1:1 and onto proof of Z+ and Q+

[takk]

Homework Statement

After exploring this problem a bit out of curiosity I decided to attempt to write a full fledged proof of it for my final exam.
I will try my best to explain what I am doing. i am pretty frustrated with it but I've put so much time into it I don't want to give up and do something else now.

For this theorem Equality in Q+: \frac{a}{b}=\frac{c}{d} \Leftrightarrow a=c, and b=d

now I'm using the grid system, i.e.
1/1 1/2 1/3 1/4 1/5 1/6..
2/1 2/2 2/3 2/4 2/5 2/6..
3/1 3/2 3/3 3/4 3/5 3/6..
.
.
but adjusting it to represent the diagonals and defining it as follows
1/1 \Rightarrow p+q=2 (1 element)
1/2 2/1 \Rightarrow p+q=3 (2 elements)
1/3 2/2 3/1 \Rightarrow p+q=4 (3 elements)
etc
as you can see each list represent one diagonal of the grid

next I went to the integers by observing the following number line and looking at the sums that represent the integers

(-----|](--|-----|](---|-----|-----|](---|-----|-----|-----|]-----|-----|
0 1 2 3 4 5 6 7 8 9 10 11 12

Representing each section with a summation we get
(0,1]
\sum^{1}_{k=1}k
(1,3]
\sum^{2}_{k=1}k
(3,6]
\sum^{3}_{k=1}k
(6,10]
\sum^{4}_{k=1}k

now I'm trying to show f:Z^{+}\rightarrow Q^{+}
f(1) = 1/1

let n\geq2\inZ^{+}
let S_{n}={s\inZ^{+}\leq\sum^{j}_{k=1}k}

then consider 2n \sum^{2n}_{k=1}k= 1+2+...+n+n+1+...+2n
thus n\leq\sum^{2n}_{k=1}k
therefore 2n\inS_{n} therefore S_{n}\neq\oslash
Then by the well ordering principle \exists m\inS_{n} \exists m\leqj \forallj\inS_{n}

i.e exists a "least" element
Call the least element M

therefore
\sum^{m-1}_{k=1}k<n\leq\sum^{m}_{k=1}k
or in other words m\in (\sum^{m-1}_{k=1}k, \sum^{m}_{k=1}k]
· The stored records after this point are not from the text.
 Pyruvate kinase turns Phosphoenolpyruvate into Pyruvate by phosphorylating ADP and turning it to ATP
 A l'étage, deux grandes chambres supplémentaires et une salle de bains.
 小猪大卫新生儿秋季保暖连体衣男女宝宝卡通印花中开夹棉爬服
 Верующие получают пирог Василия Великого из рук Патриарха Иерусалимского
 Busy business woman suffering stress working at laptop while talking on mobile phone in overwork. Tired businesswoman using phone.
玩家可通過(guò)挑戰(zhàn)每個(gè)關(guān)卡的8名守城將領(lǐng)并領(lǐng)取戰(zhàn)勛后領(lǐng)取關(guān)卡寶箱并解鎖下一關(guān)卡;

so let p= n-\sum^{m-1}_{k=1}k
1\leqp\leqm

then choose a q such that p+q = m+1
q= m+1-p

now f(n) = p/q
That ends the mapping

Now show f:Q^{+}\rightarrowZ^{+} is 1:1 and onto.
This is where I can't finish the proof but this is what I have of an attempt on both

One to one:
x_{1}\neqx_{2} \Rightarrow f(x_{1})\neqf(x_{2})
or
f(x_{1})=f(x_{2})\Rightarrow x_{1}=x_{2}

suppose f(n_{1})=f(n_{2})

then \frac{p_{1}}{q_{1}}=\frac{p_{2}}{q_{2}}
I have no idea how to get from here to n_{1}=n_{2}

Onto:
consider p+q
the diagonals the p/q is in has the property that the # of elements in that diagonal is p+q-1 (referring way back to the beginning)
or in other words (\sum^{p+q-2}_{k=1}k, \sum^{p+q-1}_{k=1}k]
then let n= p+\sum^{p+q-2}_{k=1}k

and then I get hung up again

 

[mfb]

You seem to prove some unnecessary or trivial stuff while other parts are wrong.
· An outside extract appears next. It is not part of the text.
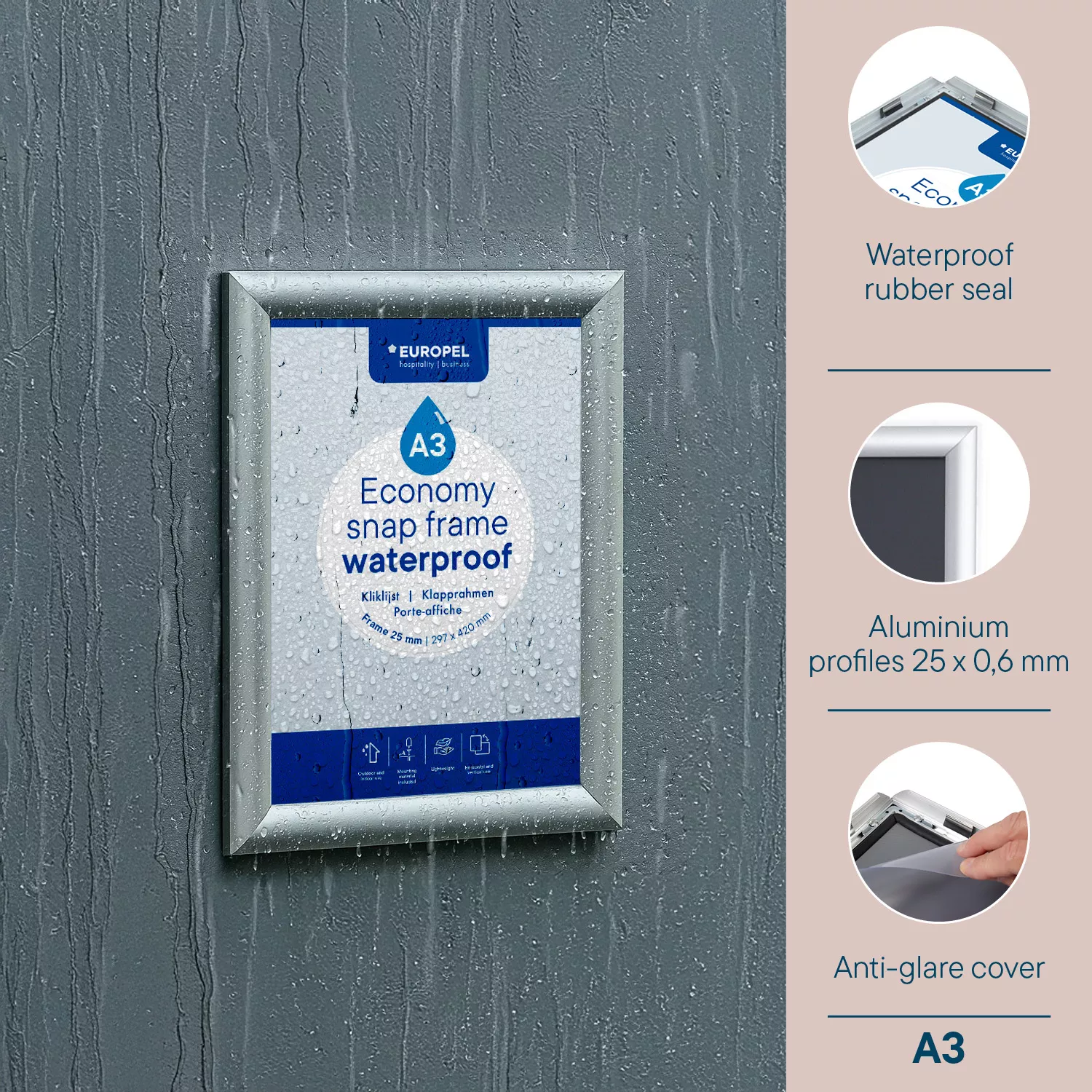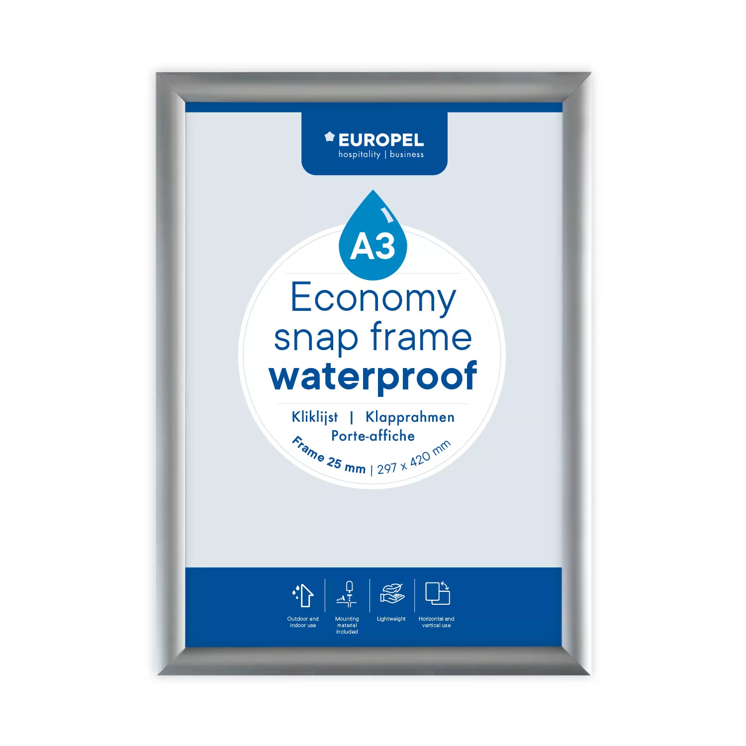 Infokraam EUROPEL, veekindel. Avasta „Snap Frame“ raam, mis sobib ideaalselt suurtele teadetele, plakatitele või reklaaminfole, mis peab olema selgelt nähtav ja atraktiivne. Raam on valmistatud 25 mm laiuse hõbedase anodeeritud alumiiniumprofiiliga, mis annab modernse ja elegantse välimuse ning sobib suurepäraselt nii sise- kui ka välitingimustesse. Tänu mugavale „Snap“ lukustussüsteemile on plakati vahetamine eriti lihtne – raami ei ole vaja seinalt eemaldada. Integreeritud kummist tihendiriba ja UV-kiirgusele vastupidav, mittepeegeldav kile kaitsevad sisu usaldusväärselt vihma, päikese ja tolmu eest, säilitades selge ja professionaalse ilme. Raam on valmistatud tugevast anodeeritud alumiiniumist, tagades vastupidavuse ja esteetilisuse. Komplektis on kinnitusdetailid, mis võimaldavad paigaldada nii vertikaalselt kui ka horisontaalselt. Sobib suurepäraselt: restoranide menüüdele, kontorite infotahvlitele, avalikele teadetele või reklaamile välitingimustes. Miks valida A3 „Snap Frame“ raam: Veekindel tihendiriba tagab täieliku kaitse; Kaasaegne 25 mm anodeeritud alumiiniumprofiil; Kiire plakati vahetamine „Snap“ süsteemiga; UV-kile kaitseb tuhmumise ja peegelduste eest; Sobib kasutamiseks nii sees kui väljas. See raam on usaldusväärne, stiilne ja funktsionaalne valik professionaalseks info esitamiseks igas keskkonnas.

For this theorem Equality in Q+: \frac{a}{b}=\frac{c}{d} \Leftrightarrow a=c, and b=d

So $\frac{1}{2}=\frac{2}{4} \Leftrightarrow$ 1=2 and 2=4? That is wrong.

Representing each section with a summation

What does that mean?

let S_{n}={s\inZ^{+}\leq\sum^{j}_{k=1}k}

I guess the sum is supposed to run up to n instead of j?
Okay, so as an example:
S₃ = {1,2,3,4,5,6}
It is obvious that S_n is not empty (as an example, it always contains 1) and that it has a smallest element (it always contains 1 and 1 is the smallest number in Z⁺).

\sum^{m-1}_{k=1}k<n\leq\sum^{m}_{k=1}k

Why should $n \leq \sum^{1}_{k=1} k = 1$ be true?

This plus the wrong way to start make it impossible to finish your mapping or show that it has the desired properties.